DATASET |
....
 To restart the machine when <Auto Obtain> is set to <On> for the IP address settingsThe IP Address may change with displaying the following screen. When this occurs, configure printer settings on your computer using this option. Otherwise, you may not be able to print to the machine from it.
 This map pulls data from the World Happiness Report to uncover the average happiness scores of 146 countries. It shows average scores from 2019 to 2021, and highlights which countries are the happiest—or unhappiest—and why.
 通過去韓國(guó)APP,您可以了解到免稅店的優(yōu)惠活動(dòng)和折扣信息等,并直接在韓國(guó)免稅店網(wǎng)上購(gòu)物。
....
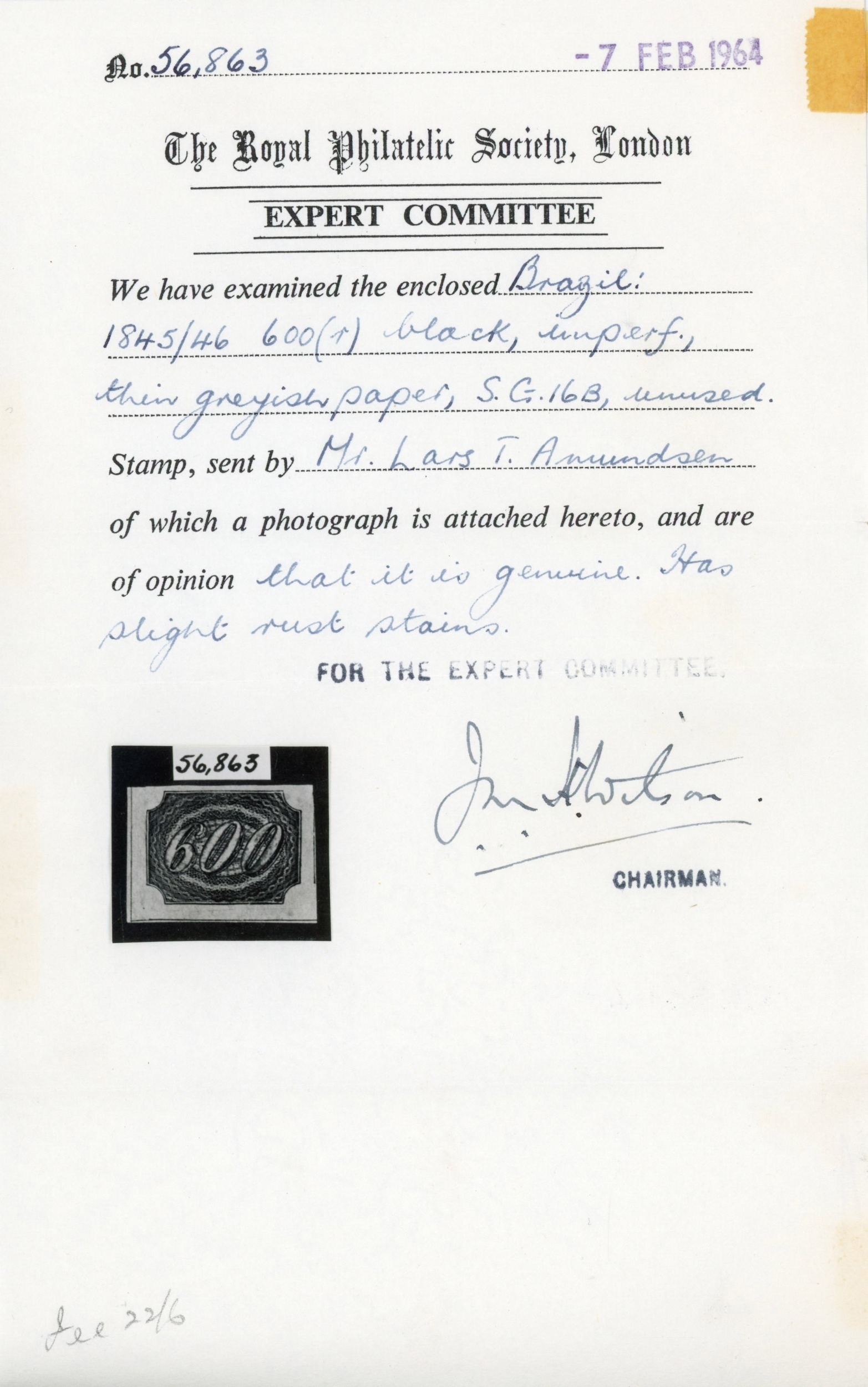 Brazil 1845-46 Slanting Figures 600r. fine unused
....
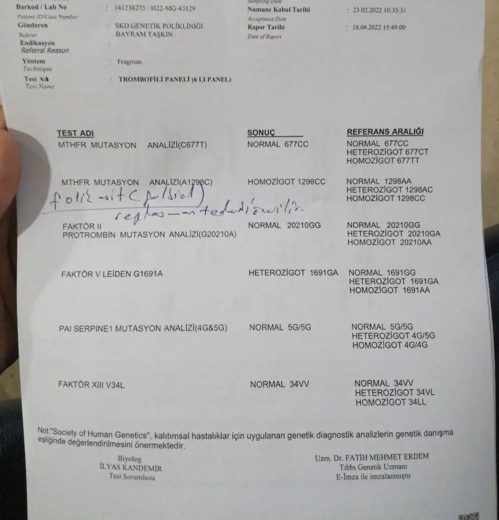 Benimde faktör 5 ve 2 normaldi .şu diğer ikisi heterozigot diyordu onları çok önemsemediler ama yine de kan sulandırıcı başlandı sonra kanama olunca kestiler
....
TRY IT |
Read through the entries and copy each line in which "from" appears.

SOLUTION TO THE EXERCISE |
 To restart the machine when <Auto Obtain> is set to <On> for the IP address settingsThe IP Address may change with displaying the following screen. When this occurs, configure printer settings on your computer using this option. Otherwise, you may not be able to print to the machine from it.
 This map pulls data from the World Happiness Report to uncover the average happiness scores of 146 countries. It shows average scores from 2019 to 2021, and highlights which countries are the happiest—or unhappiest—and why.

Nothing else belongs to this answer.